**WHAT YOU HAVE TO DO**
Retype the data below verbatim; pictures do not belong in the copy.
━━━ RECORDED DATA ━━━
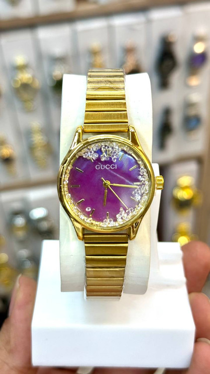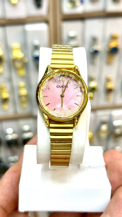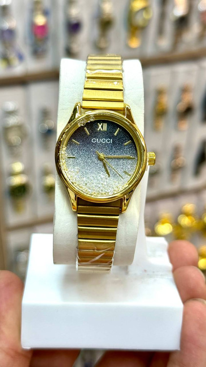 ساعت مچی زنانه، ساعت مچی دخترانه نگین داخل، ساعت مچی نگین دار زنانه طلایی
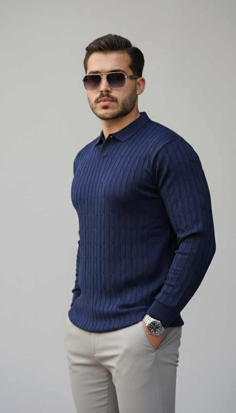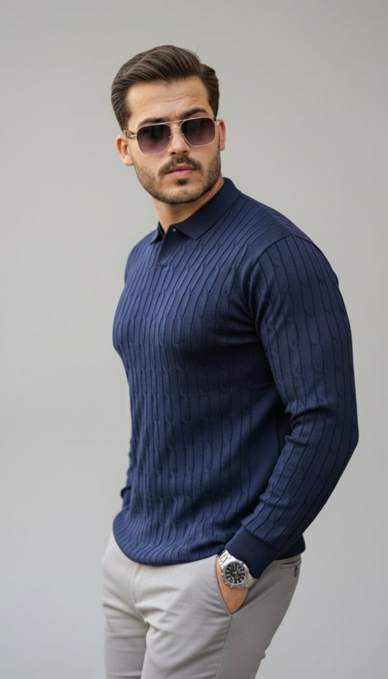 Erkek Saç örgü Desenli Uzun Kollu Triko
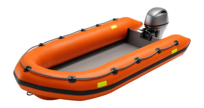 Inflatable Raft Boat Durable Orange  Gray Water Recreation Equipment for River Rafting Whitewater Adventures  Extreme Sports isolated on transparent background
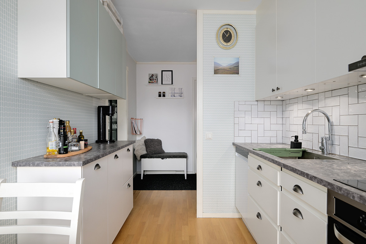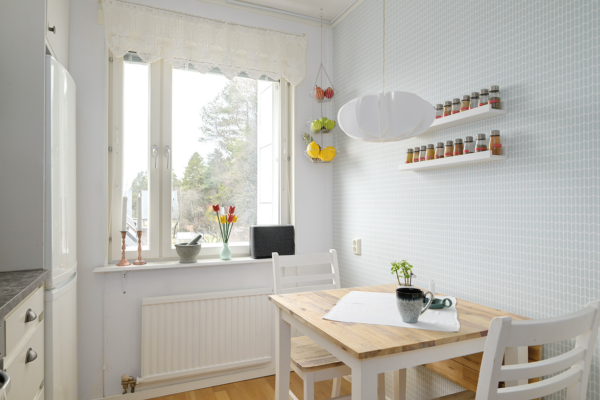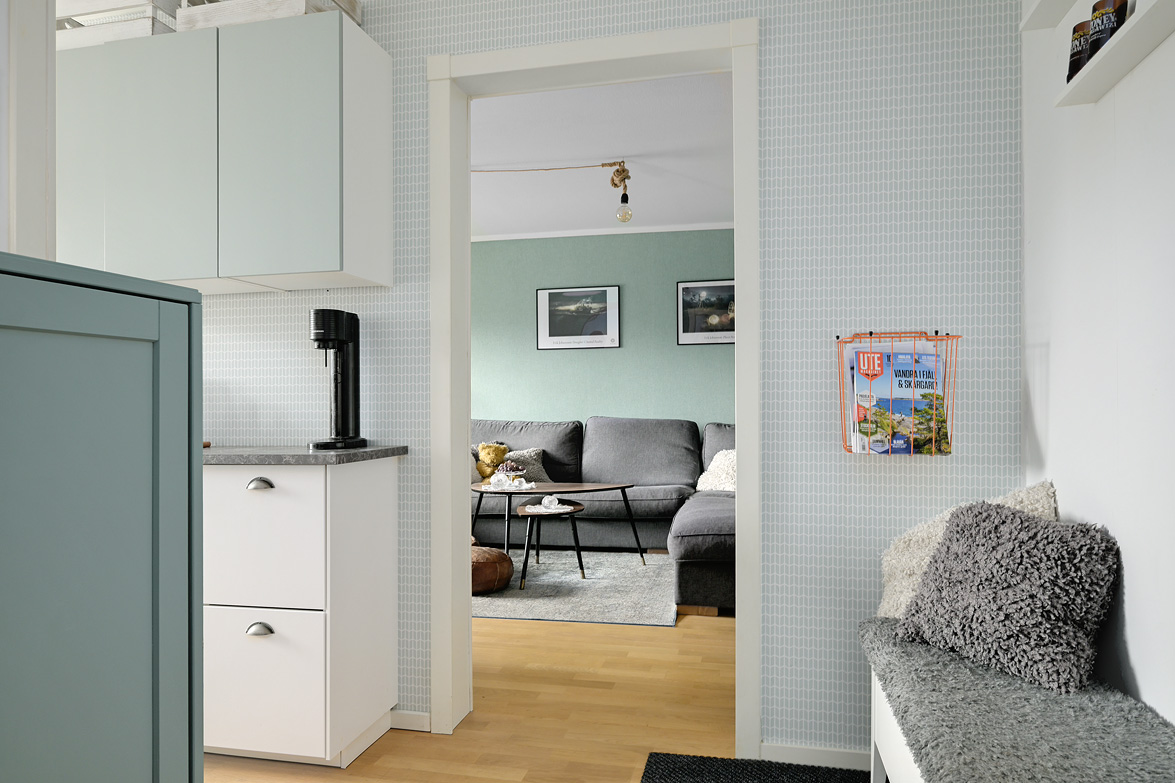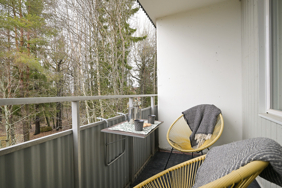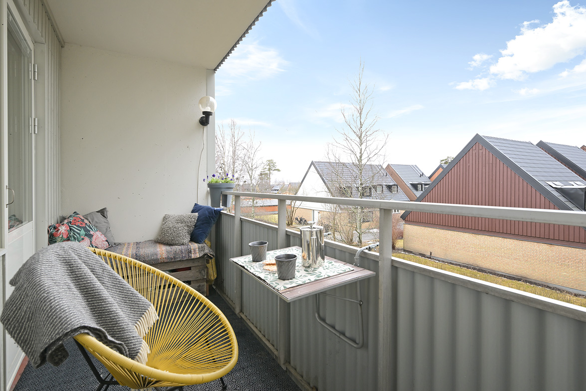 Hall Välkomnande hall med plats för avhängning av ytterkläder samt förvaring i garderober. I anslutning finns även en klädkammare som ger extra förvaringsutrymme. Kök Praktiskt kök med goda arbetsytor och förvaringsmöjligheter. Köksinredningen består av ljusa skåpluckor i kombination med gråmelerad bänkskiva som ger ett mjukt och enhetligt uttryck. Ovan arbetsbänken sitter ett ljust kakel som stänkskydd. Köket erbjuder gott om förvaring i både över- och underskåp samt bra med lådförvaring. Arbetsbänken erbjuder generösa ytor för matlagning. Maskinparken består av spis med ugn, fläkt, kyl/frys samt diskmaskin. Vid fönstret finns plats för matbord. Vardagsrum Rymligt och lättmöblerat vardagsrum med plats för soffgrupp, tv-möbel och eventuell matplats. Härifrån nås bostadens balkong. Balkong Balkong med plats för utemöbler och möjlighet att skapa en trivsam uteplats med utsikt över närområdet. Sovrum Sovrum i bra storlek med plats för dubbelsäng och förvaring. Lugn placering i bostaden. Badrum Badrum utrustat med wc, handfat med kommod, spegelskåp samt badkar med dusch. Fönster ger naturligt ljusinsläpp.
━━━
**YOUR SOLUTION**
 ساعت مچی زنانه، ساعت مچی دخترانه نگین داخل، ساعت مچی نگین دار زنانه طلایی
 Erkek Saç örgü Desenli Uzun Kollu Triko
 Inflatable Raft Boat Durable Orange  Gray Water Recreation Equipment for River Rafting Whitewater Adventures  Extreme Sports isolated on transparent background
 Hall Välkomnande hall med plats för avhängning av ytterkläder samt förvaring i garderober. I anslutning finns även en klädkammare som ger extra förvaringsutrymme. Kök Praktiskt kök med goda arbetsytor och förvaringsmöjligheter. Köksinredningen består av ljusa skåpluckor i kombination med gråmelerad bänkskiva som ger ett mjukt och enhetligt uttryck. Ovan arbetsbänken sitter ett ljust kakel som stänkskydd. Köket erbjuder gott om förvaring i både över- och underskåp samt bra med lådförvaring. Arbetsbänken erbjuder generösa ytor för matlagning. Maskinparken består av spis med ugn, fläkt, kyl/frys samt diskmaskin. Vid fönstret finns plats för matbord. Vardagsrum Rymligt och lättmöblerat vardagsrum med plats för soffgrupp, tv-möbel och eventuell matplats. Härifrån nås bostadens balkong. Balkong Balkong med plats för utemöbler och möjlighet att skapa en trivsam uteplats med utsikt över närområdet. Sovrum Sovrum i bra storlek med plats för dubbelsäng och förvaring. Lugn placering i bostaden. Badrum Badrum utrustat med wc, handfat med kommod, spegelskåp samt badkar med dusch. Fönster ger naturligt ljusinsläpp.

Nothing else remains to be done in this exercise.